Data records =>
+++++

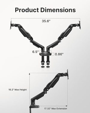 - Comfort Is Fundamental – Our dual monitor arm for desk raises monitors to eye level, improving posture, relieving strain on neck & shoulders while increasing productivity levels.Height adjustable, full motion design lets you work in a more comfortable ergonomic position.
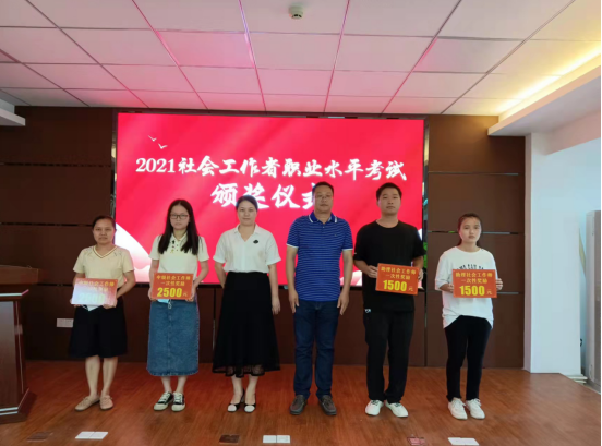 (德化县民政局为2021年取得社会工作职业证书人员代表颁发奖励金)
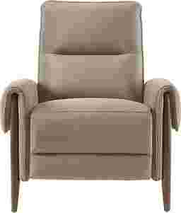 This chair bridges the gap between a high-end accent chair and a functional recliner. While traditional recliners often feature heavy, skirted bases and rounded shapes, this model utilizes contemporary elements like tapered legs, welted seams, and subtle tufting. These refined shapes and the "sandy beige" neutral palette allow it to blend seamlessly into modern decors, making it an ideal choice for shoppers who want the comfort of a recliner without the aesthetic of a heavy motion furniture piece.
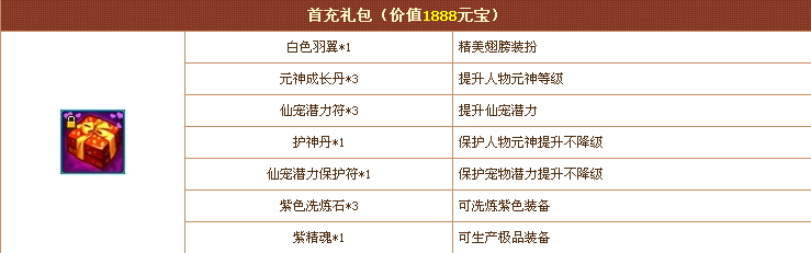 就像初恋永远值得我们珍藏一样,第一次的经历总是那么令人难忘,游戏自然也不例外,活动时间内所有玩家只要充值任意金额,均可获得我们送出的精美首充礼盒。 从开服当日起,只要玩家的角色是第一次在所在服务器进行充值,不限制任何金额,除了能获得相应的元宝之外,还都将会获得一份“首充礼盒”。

+++++

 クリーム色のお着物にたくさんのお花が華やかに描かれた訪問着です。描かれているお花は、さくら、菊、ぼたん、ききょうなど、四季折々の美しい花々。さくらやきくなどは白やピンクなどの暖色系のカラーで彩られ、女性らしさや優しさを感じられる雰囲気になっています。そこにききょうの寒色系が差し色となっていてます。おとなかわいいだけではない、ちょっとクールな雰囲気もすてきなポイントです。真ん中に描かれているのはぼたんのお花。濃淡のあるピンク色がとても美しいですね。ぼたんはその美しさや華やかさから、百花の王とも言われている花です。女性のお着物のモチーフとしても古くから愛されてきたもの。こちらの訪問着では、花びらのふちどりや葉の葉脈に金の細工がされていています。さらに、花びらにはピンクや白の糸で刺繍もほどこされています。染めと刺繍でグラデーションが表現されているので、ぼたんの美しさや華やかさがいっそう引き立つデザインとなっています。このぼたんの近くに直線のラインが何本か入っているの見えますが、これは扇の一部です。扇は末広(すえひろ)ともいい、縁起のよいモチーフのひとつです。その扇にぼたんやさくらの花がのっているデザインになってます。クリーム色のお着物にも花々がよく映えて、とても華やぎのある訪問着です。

+++++

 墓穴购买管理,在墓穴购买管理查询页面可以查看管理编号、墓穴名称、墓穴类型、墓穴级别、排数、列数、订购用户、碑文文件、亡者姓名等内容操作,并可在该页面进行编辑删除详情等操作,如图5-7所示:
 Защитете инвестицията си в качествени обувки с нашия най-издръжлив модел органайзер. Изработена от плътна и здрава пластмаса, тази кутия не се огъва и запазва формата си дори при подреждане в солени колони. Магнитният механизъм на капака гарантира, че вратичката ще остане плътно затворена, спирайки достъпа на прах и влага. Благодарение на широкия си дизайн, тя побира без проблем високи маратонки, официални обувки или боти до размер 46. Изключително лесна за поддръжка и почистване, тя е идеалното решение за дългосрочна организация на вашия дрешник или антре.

+++++

Assigned task =>
Starting at the line containing "- Comfort Is" and stopping at the line containing "就像初恋永远值得我们珍藏一样", output every line above exactly, both ends included, with pictures omitted.

Answer for this exercise =>
 - Comfort Is Fundamental – Our dual monitor arm for desk raises monitors to eye level, improving posture, relieving strain on neck & shoulders while increasing productivity levels.Height adjustable, full motion design lets you work in a more comfortable ergonomic position.
 (德化县民政局为2021年取得社会工作职业证书人员代表颁发奖励金)
 This chair bridges the gap between a high-end accent chair and a functional recliner. While traditional recliners often feature heavy, skirted bases and rounded shapes, this model utilizes contemporary elements like tapered legs, welted seams, and subtle tufting. These refined shapes and the "sandy beige" neutral palette allow it to blend seamlessly into modern decors, making it an ideal choice for shoppers who want the comfort of a recliner without the aesthetic of a heavy motion furniture piece.
 就像初恋永远值得我们珍藏一样,第一次的经历总是那么令人难忘,游戏自然也不例外,活动时间内所有玩家只要充值任意金额,均可获得我们送出的精美首充礼盒。 从开服当日起,只要玩家的角色是第一次在所在服务器进行充值,不限制任何金额,除了能获得相应的元宝之外,还都将会获得一份“首充礼盒”。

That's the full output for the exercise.